Ya es una realidad que la formación del futuro Gobierno dependerá de las militancias de los autodenominados partidos de ‘progreso’. En el enésimo ejercicio de democracia interna, el PSOE, Unidas Podemos, Izquierda Unida y ERC han dejado en manos de sus militantes el futuro de España.
Sin embargo, lo que parece una apuesta firme por el empleo de mecanismos democráticos, que se alejen del histórico carácter férreo y jerárquico de los partidos españoles, no es sino una burda tragicomedia. Comedia porque resulta hilarante observar cómo, aunque a nadie escapa que estos procedimientos plebiscitarios se tratan, en realidad, de herramientas para blindar el poder y opinión de un líder o una élite dentro del partido, los actores representan sus papeles con la convicción del que se cree ante un público entregado. Y, al mismo tiempo, constituye una verdadera tragedia desde el momento en que los resultados que arrojan estas consultas conforman la receta perfecta para una libertad menor y una España peor.
Asimismo, en esta obra dramática de la política española, dirigida y protagonizada por sujetos de diversa procedencia, pero cuyo ecosistema es la izquierda, y producida por nosotros, los contribuyentes, también se ha puesto de manifiesto que, como viene resultando habitual, las propuestas de los partidos “progresistas” consiguen precisamente lo opuesto a lo que dicen perseguir. Así, los líderes de estas formaciones presumen de depositar la responsabilidad de la toma de decisiones de envergadura en su militancia en un alarde democrático, pero logran precisamente lo contrario. A saber, el blindaje de los jerarcas de los partidos y, en particular, de sus propias cabezas. Lo pone de relieve el hecho de que, lejos de las verdaderas intenciones de los votantes de los diferentes grupos de izquierda en la última cita electoral —que nunca conoceremos—, se ha consultado a un irrisorio número de personas que, por descontado, acostumbran a representar la lealtad partidista hasta (casi) las últimas consecuencias. Un total de 178.651 afiliados del PSOE, 134.760 de Podemos, 37.416 de Izquierda Unida y 8.561 de ERC, de los que han participado entre el 31,20% (en el caso de IU) y el 70% (en el de ERC).
Además, el verdadero problema de someter a la militancia cuestiones de calado no es solo uno de índole cuantitativa, sino también otro cualitativo. Este reside, en primer lugar, en la formulación de la pregunta planteada, que, a menudo, parte de un sesgo que refleja la posición de la cúpula y que induce al consultado a inclinarse por esa opción.
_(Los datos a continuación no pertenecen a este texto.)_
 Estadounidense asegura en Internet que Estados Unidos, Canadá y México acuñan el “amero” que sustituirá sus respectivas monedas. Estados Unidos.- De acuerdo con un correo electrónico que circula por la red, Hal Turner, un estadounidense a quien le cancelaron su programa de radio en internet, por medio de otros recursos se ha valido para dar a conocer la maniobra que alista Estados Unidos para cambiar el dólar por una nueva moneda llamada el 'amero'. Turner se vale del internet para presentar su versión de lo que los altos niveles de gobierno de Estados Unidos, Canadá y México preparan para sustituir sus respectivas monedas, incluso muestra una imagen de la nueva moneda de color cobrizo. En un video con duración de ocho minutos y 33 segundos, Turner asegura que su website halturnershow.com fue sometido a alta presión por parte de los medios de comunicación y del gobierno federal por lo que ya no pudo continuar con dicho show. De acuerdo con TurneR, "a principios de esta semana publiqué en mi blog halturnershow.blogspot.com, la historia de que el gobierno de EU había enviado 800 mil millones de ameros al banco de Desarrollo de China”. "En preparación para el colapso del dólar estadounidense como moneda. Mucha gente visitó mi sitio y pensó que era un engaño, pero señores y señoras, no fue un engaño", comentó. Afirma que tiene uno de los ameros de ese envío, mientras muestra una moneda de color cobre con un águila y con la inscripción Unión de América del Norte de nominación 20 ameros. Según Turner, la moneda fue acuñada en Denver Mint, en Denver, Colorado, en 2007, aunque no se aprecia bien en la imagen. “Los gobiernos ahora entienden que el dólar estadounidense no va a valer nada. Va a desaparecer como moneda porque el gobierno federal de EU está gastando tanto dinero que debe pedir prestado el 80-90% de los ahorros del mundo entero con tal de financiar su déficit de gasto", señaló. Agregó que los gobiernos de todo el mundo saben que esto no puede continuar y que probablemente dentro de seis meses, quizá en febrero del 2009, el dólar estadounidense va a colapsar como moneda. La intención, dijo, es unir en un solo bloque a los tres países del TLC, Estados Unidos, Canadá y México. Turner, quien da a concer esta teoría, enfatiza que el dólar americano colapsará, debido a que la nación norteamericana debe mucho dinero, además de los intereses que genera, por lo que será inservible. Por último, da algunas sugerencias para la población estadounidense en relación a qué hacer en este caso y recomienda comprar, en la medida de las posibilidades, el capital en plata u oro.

Y, en segundo, como mencionaba arriba, el problema se deriva asimismo de que los afiliados reflejen un nivel de compromiso con el ideario del partido y de sus dirigentes muy superior al del votante medio, máxime cuando la consulta no es de carácter obligatorio, lo que hace que quienes participen en ella sean especialmente fervorosos. El resultado de la mezcla resulta poco sorprendente: un refrendo de la postura de la cúpula superior al 88% del plebiscito de IU.
Sin embargo, ni los ingredientes de la democracia directa ni el resultado son nuevos, o tan siquiera recientes. Durante la Revolución Francesa, por ejemplo, la Convención Nacional de 1792 eliminó las leyes, otorgando al pueblo el poder supremo. Y, lejos de instaurarse la perfección democrática, se instaló el Terror. Por ello, pensadores como Tocqueville o Constant desaconsejaron la democracia directa y defendieron la representativa. Una evolución que, en el contexto de podemización de la izquierda española, parece formar parte del pasado. Los electores se han erigido en el vehículo que confiere peso negociador a unos gerifaltes que carecen de escrúpulos a la hora de, a posteriori, cambiar su discurso, programa y hasta aliados de gobierno. A fin de cuentas, ¿quién necesita mantener su coherencia cuando goza del apoyo de sus leales? Así opera la izquierda española. La que, salvo sorpresa mayúscula, se alojará en La Moncloa. Disfruten lo votado, que no lo elegido.